Resume Parsing Across Multiple Job Domains Using a BERT-Based NER Model
Published in Irish Conference on Artificial Intelligence and Cognitive Science (AICS), 2023
Recommended citation: Srivastava, M., Greaney, P. (2023) ‘Resume Parsing Across Multiple Job Domains Using a BERT-Based NER Model’, Proceedings of the 31st Irish Conference on Artificial Intelligence and Cognitive Science, Letterkenny, Ireland, 7-8 December, Washington D.C.: IEEE Computer Society Press. https://ieeexplore.ieee.org/abstract/document/10470917/
This study presents a resume information extraction system using named entity recognition (NER) techniques. By harnessing the power of BERT, a state-of-the-art transfer learning model, in conjunction with NER, we develop a model which accurately extracts relevant information from resumes.

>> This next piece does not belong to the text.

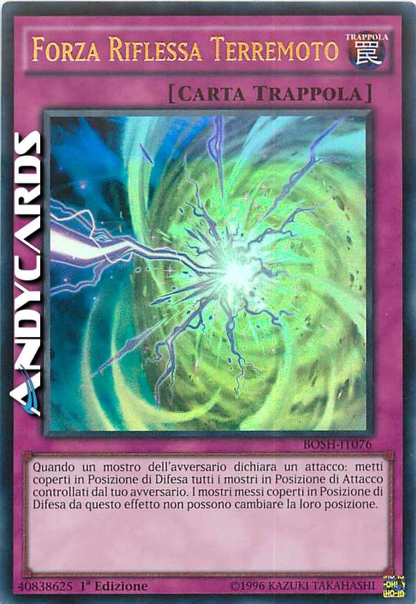 Quando un mostro dell'avversario dichiara un attacco: metti coperti in Posizione di Difesa tutti i mostri in Posizione di Attacco controllati dal tuo avversario. I mostri messi coperti in Posizione di Difesa da questo effetto non possono cambiare la loro posizione.

Our approach involves fine-tuning the pre-trained BERT base model on a customised NER resume dataset, which comprises a limited volume of annotated resume data from across four diverse job domains: information technology, human resources, consultancy, and engineering. To achieve this, we utilised the NLP capabilities of spaCy pipelines. Our results show that even with a constrained training dataset and minimal fine-tuning, transfer learning can be successfully leveraged to extract named entities from resumes, achieving respectable accuracy tailored to our specific application.
Our findings underscore the pivotal role of data size and annotation quality in custom NER training. The model’s generalisation and contextual comprehension heavily depend on these factors, reinforcing the need for carefully selected training data. This paper sheds light on the relationship between transfer learning, NER, and data quality in developing a sophisticated resume information extraction system.